Problem details: In your copy of the data, omit the pictures and keep all else exactly as given.

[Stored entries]
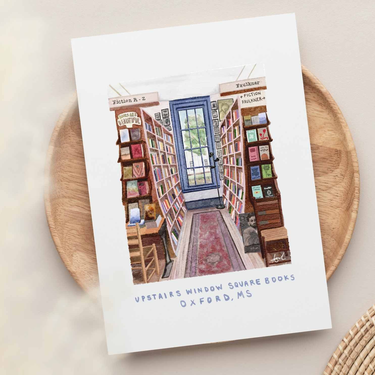 Upstairs Window Square Books Oxford MS Watercolor Art Print
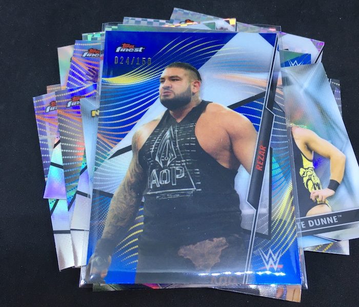 The boxes: 2020 Topps Finest WWE wrestling cards (three blasters)
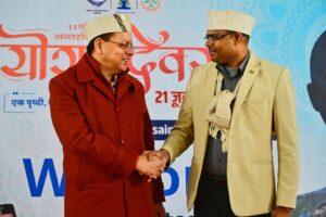 मुख्यमंत्री श्री पुष्कर सिंह धामी ने शुक्रवार को भराड़ीसैंण, गैरसैंण में अंतर्राष्ट्रीय योग दिवस की पूर्व संध्या पर आयोजित कार्यक्रम में प्रतिभाग करते हुए सभी विदेशी राजनयिकों और सुप्रसिद्ध योगाचार्य का स्वागत किया। उन्होंने इस दौरान सभी को प्रतीक चिन्ह और उत्तराखंडी टोपी देकर सम्मानित भी किया।
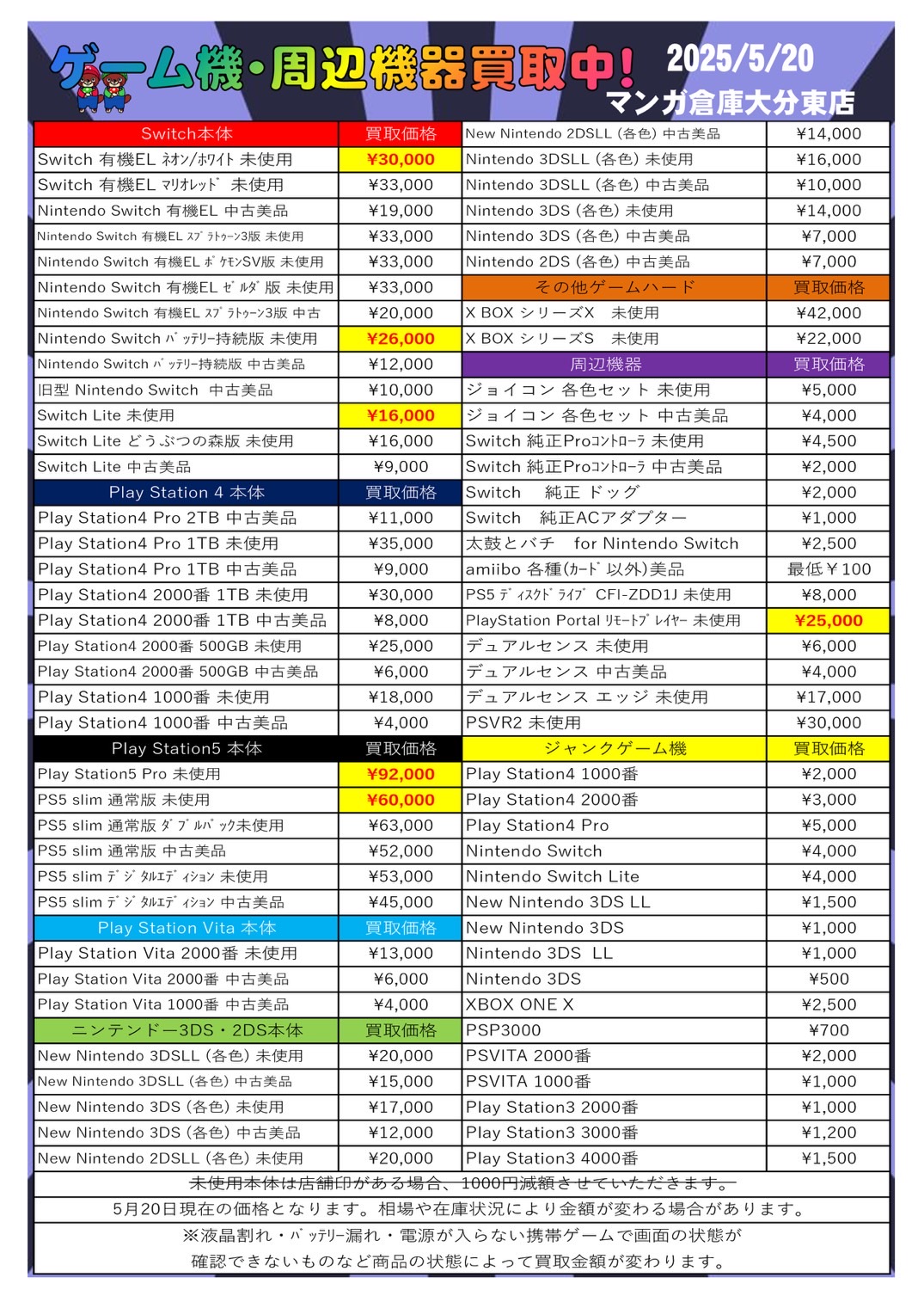 2025.05.20 買取情報 takalab_5 ◆ゲームコーナーから買取告知のお知らせです!◆ ゲームコーナーから買取告知のお知らせです!🎮🎮 ぜひ、マンガ倉庫大分東店へお持ちくださいませ! ※2025/5/20現在の価格となります。 在庫状況・状態によってお値段が変動いたします。予めご了承ください。 **************** こちら↓もぜひチェックしてみてくださいね♪(*´▽`*) ・最新のイベント情報はこちら ・最新の買取情報はこちら コメントを残す コメントをキャンセルメールアドレスが公開されることはありません。 ※ が付いている欄は必須項目ですコメント ※ 名前 ※ メール ※ サイト 新しいコメントをメールで通知 新しい投稿をメールで受け取る Δ
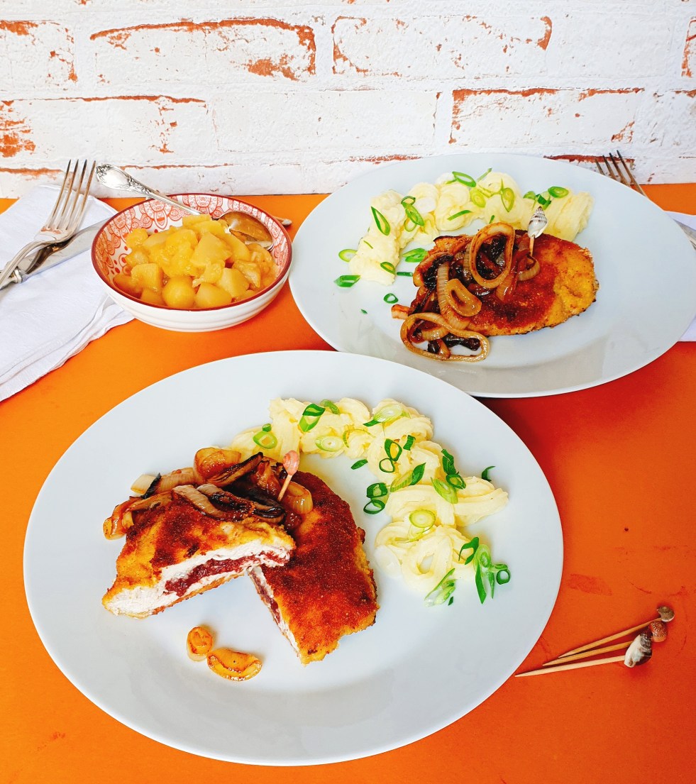 Cordon Flönz oder Himmel un Ääd mit Schnitzel
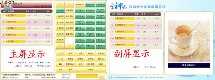 Четырехкорночный двойной экран 15 -блюда еда кассир POS с сенсорным экраном Коллекция молока чайное оборудование кассир заказа заказать блюда по всей стране Бесплатная доставка
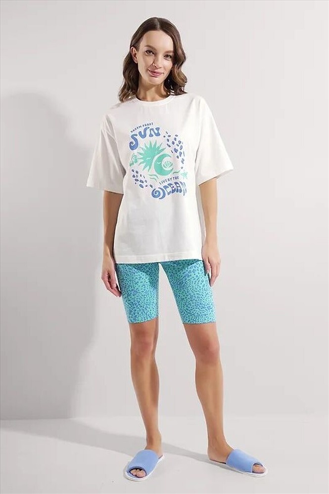 ID товара: 1122572 Состав: 100% Хлопок Сезон: Весна/Лето Длина: Короткая Фасон: Спортивный Рукав: Короткий Крой брючин: Прямой Вырез горловины: Округлый Основная ткань: Хлопок Стиль: Повседневный Страна бренда: Россия Страна производства: Россия Набор одежды для дома и отдыха из трикотажного полотна. Футболка прямого силуэта из трикотажного полотна. Округлая горловина с обтачкой. Короткий втачной рукав. На полочке и спинке принт. Шорты с притачным широким поясом на резинке, принт. Комментарии к товару

Response below:
 Upstairs Window Square Books Oxford MS Watercolor Art Print
 The boxes: 2020 Topps Finest WWE wrestling cards (three blasters)
 मुख्यमंत्री श्री पुष्कर सिंह धामी ने शुक्रवार को भराड़ीसैंण, गैरसैंण में अंतर्राष्ट्रीय योग दिवस की पूर्व संध्या पर आयोजित कार्यक्रम में प्रतिभाग करते हुए सभी विदेशी राजनयिकों और सुप्रसिद्ध योगाचार्य का स्वागत किया। उन्होंने इस दौरान सभी को प्रतीक चिन्ह और उत्तराखंडी टोपी देकर सम्मानित भी किया।
 2025.05.20 買取情報 takalab_5 ◆ゲームコーナーから買取告知のお知らせです!◆ ゲームコーナーから買取告知のお知らせです!🎮🎮 ぜひ、マンガ倉庫大分東店へお持ちくださいませ! ※2025/5/20現在の価格となります。 在庫状況・状態によってお値段が変動いたします。予めご了承ください。 **************** こちら↓もぜひチェックしてみてくださいね♪(*´▽`*) ・最新のイベント情報はこちら ・最新の買取情報はこちら コメントを残す コメントをキャンセルメールアドレスが公開されることはありません。 ※ が付いている欄は必須項目ですコメント ※ 名前 ※ メール ※ サイト 新しいコメントをメールで通知 新しい投稿をメールで受け取る Δ
 Cordon Flönz oder Himmel un Ääd mit Schnitzel
 Четырехкорночный двойной экран 15 -блюда еда кассир POS с сенсорным экраном Коллекция молока чайное оборудование кассир заказа заказать блюда по всей стране Бесплатная доставка
 ID товара: 1122572 Состав: 100% Хлопок Сезон: Весна/Лето Длина: Короткая Фасон: Спортивный Рукав: Короткий Крой брючин: Прямой Вырез горловины: Округлый Основная ткань: Хлопок Стиль: Повседневный Страна бренда: Россия Страна производства: Россия Набор одежды для дома и отдыха из трикотажного полотна. Футболка прямого силуэта из трикотажного полотна. Округлая горловина с обтачкой. Короткий втачной рукав. На полочке и спинке принт. Шорты с притачным широким поясом на резинке, принт. Комментарии к товару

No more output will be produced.